- _Task item_: For this listing, reproduce the line with "Women and children", the line with "この辺りは波が激しく、常に波", and the lines between, exactly as they stand. Leave out pictures and all other lines.

- _Given data_:
+++++

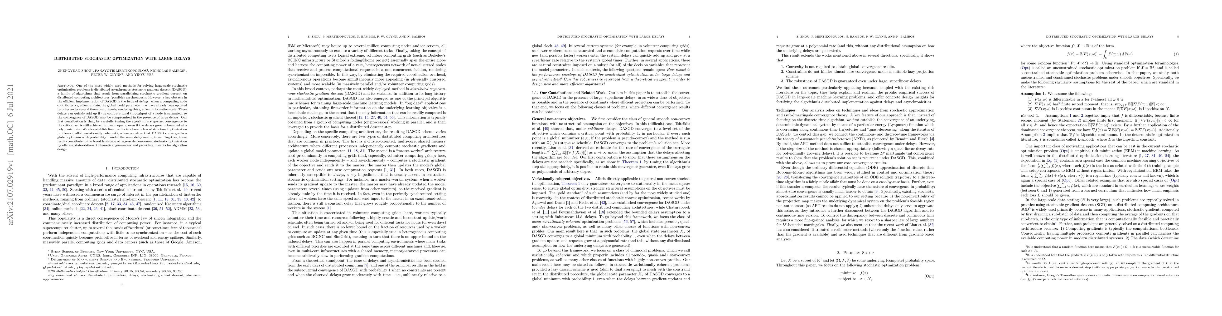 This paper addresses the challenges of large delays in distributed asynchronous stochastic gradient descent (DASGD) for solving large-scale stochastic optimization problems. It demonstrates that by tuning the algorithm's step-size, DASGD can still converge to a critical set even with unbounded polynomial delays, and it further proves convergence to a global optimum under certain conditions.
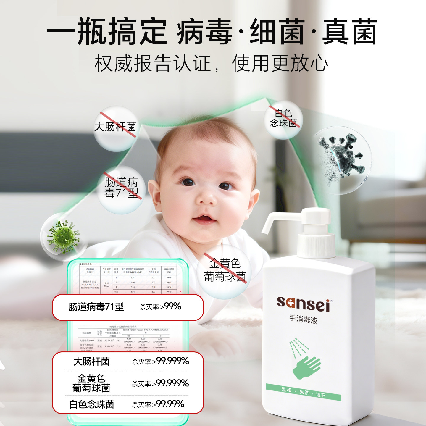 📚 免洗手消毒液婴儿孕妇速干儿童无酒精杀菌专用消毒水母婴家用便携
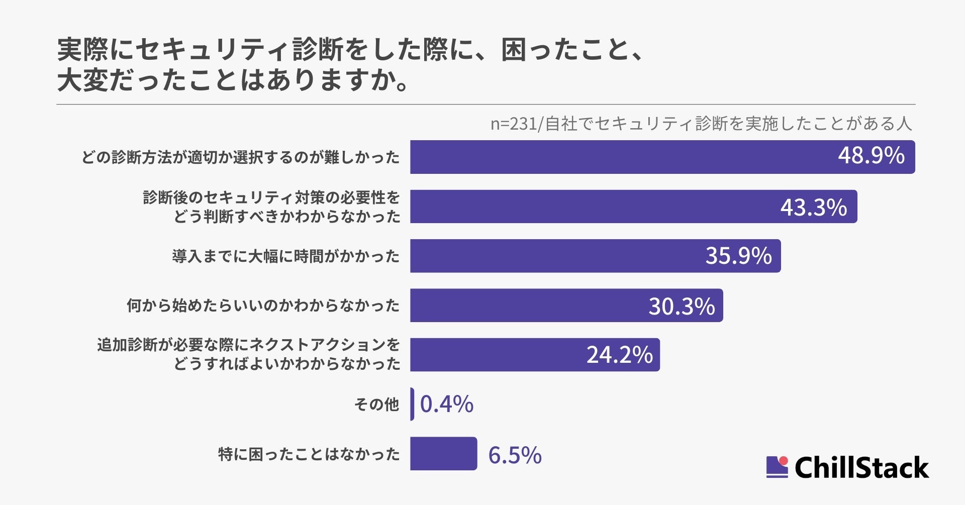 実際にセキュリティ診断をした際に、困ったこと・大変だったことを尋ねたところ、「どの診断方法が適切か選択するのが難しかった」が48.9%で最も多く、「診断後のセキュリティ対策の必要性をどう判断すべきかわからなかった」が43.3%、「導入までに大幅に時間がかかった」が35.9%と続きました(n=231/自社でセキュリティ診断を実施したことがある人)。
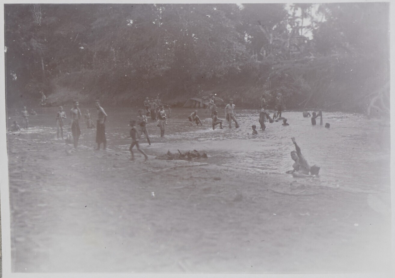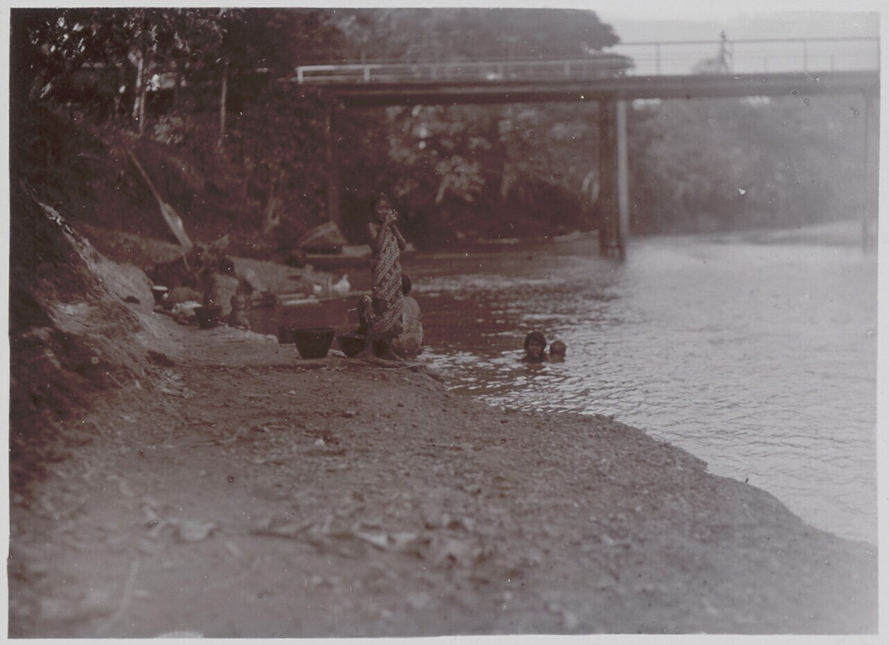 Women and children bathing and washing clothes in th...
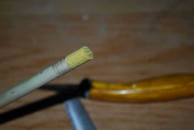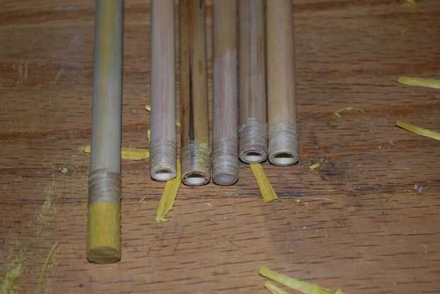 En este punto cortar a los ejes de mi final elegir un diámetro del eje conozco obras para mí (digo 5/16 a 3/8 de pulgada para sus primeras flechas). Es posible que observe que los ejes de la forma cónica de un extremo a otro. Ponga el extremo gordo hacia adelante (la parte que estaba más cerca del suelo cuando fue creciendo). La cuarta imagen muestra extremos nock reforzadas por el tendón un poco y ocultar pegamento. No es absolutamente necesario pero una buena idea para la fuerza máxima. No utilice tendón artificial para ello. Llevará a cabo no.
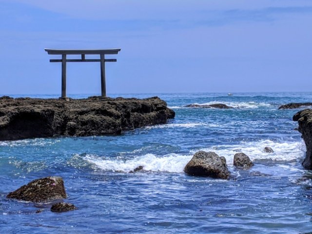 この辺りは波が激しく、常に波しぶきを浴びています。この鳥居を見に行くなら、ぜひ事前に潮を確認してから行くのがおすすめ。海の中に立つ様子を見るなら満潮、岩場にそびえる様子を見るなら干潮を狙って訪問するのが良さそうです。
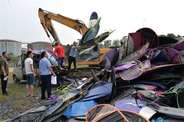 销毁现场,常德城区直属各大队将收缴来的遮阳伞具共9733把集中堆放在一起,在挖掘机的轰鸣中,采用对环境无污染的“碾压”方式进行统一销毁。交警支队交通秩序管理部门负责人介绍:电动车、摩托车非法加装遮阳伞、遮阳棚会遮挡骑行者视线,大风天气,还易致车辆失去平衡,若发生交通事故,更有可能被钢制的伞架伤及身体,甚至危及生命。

+++++

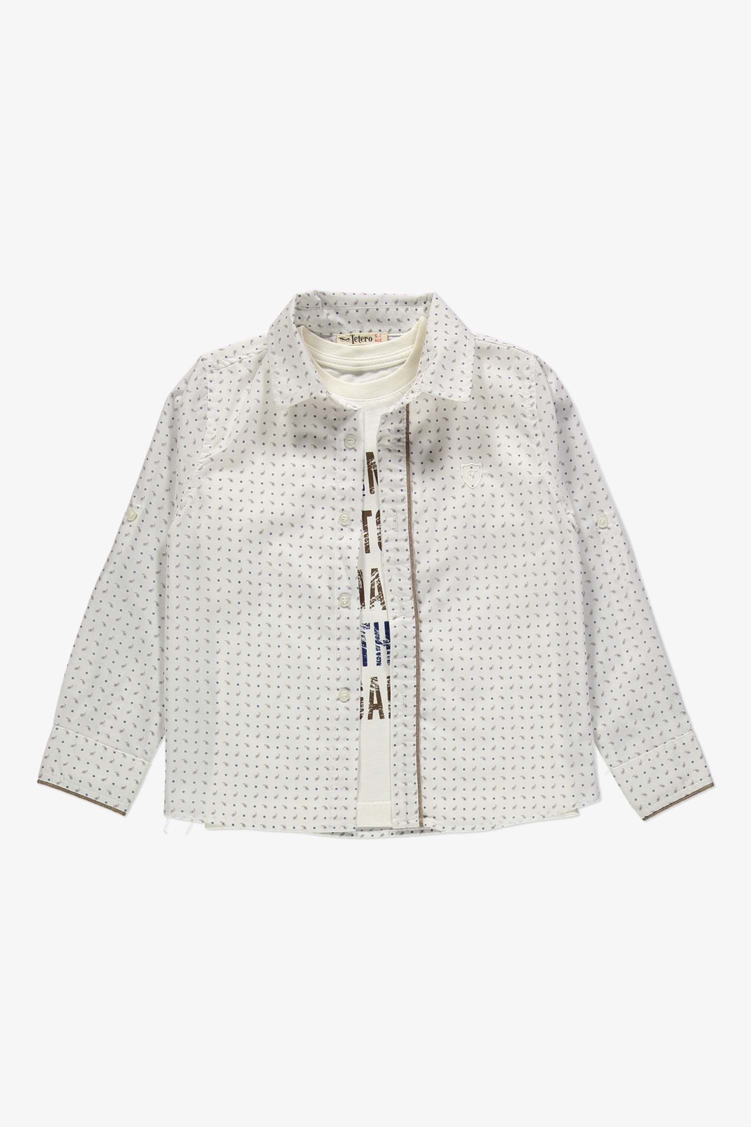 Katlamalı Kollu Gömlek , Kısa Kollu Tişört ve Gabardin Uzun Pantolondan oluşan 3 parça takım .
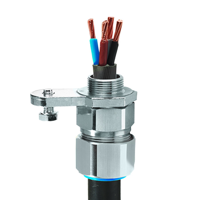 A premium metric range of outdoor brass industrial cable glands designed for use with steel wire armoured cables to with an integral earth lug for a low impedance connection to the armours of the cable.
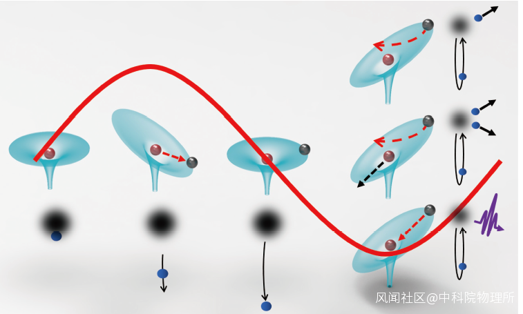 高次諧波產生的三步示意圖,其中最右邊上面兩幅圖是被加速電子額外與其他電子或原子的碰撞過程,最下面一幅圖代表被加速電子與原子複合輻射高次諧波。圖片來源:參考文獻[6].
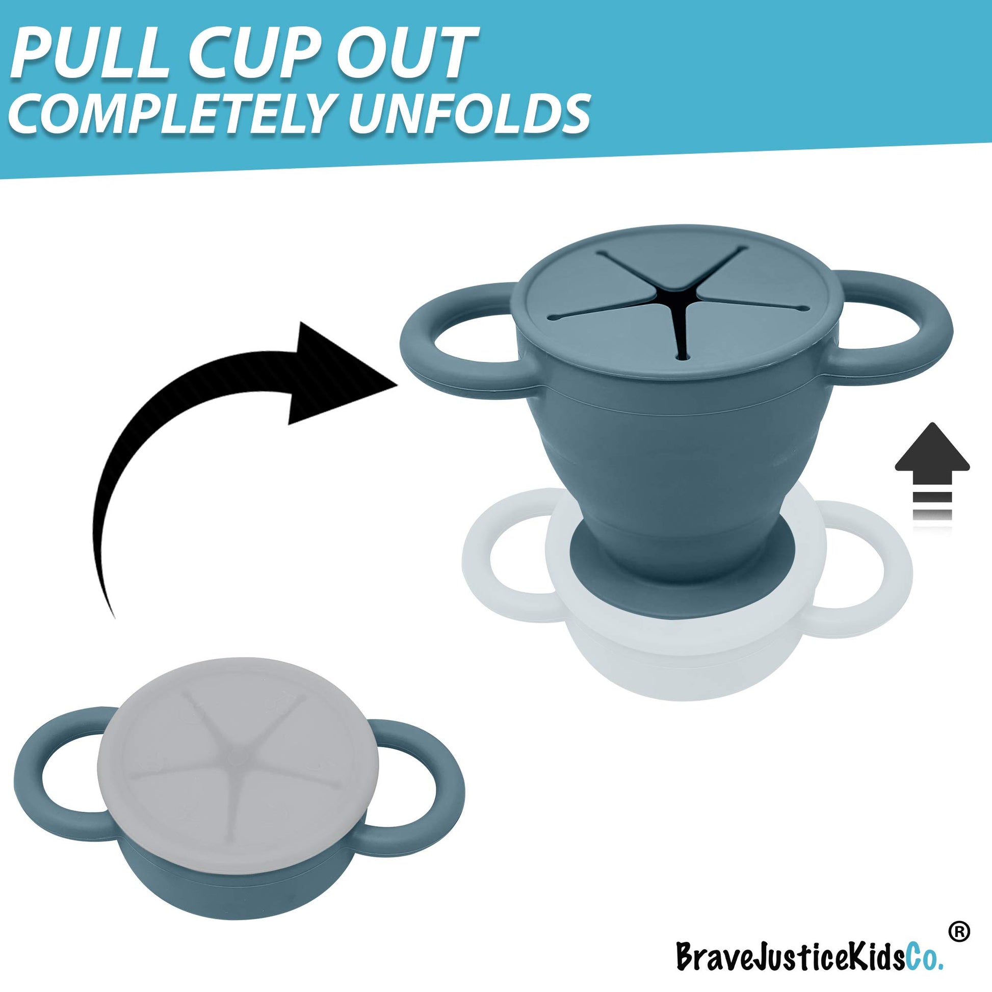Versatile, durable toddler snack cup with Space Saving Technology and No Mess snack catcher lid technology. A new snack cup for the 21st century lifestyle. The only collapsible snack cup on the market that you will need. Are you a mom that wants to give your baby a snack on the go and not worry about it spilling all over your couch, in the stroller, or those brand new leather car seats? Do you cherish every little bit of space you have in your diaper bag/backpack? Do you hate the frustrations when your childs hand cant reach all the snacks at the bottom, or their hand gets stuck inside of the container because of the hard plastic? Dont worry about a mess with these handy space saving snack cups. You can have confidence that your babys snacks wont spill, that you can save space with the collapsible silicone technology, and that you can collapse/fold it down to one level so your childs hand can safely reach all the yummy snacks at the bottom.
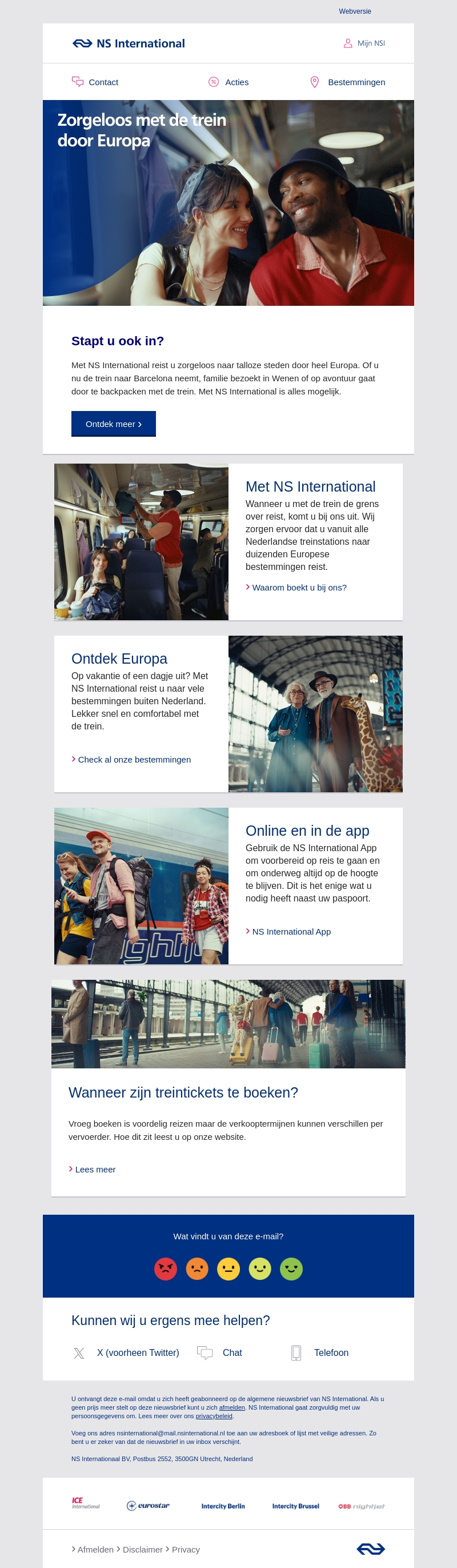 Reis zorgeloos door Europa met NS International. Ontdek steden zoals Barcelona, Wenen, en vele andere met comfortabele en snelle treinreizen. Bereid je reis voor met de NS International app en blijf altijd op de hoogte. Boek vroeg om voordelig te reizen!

+++++

- _Exercise output_:
 Women and children bathing and washing clothes in th...
 En este punto cortar a los ejes de mi final elegir un diámetro del eje conozco obras para mí (digo 5/16 a 3/8 de pulgada para sus primeras flechas). Es posible que observe que los ejes de la forma cónica de un extremo a otro. Ponga el extremo gordo hacia adelante (la parte que estaba más cerca del suelo cuando fue creciendo). La cuarta imagen muestra extremos nock reforzadas por el tendón un poco y ocultar pegamento. No es absolutamente necesario pero una buena idea para la fuerza máxima. No utilice tendón artificial para ello. Llevará a cabo no.
 この辺りは波が激しく、常に波しぶきを浴びています。この鳥居を見に行くなら、ぜひ事前に潮を確認してから行くのがおすすめ。海の中に立つ様子を見るなら満潮、岩場にそびえる様子を見るなら干潮を狙って訪問するのが良さそうです。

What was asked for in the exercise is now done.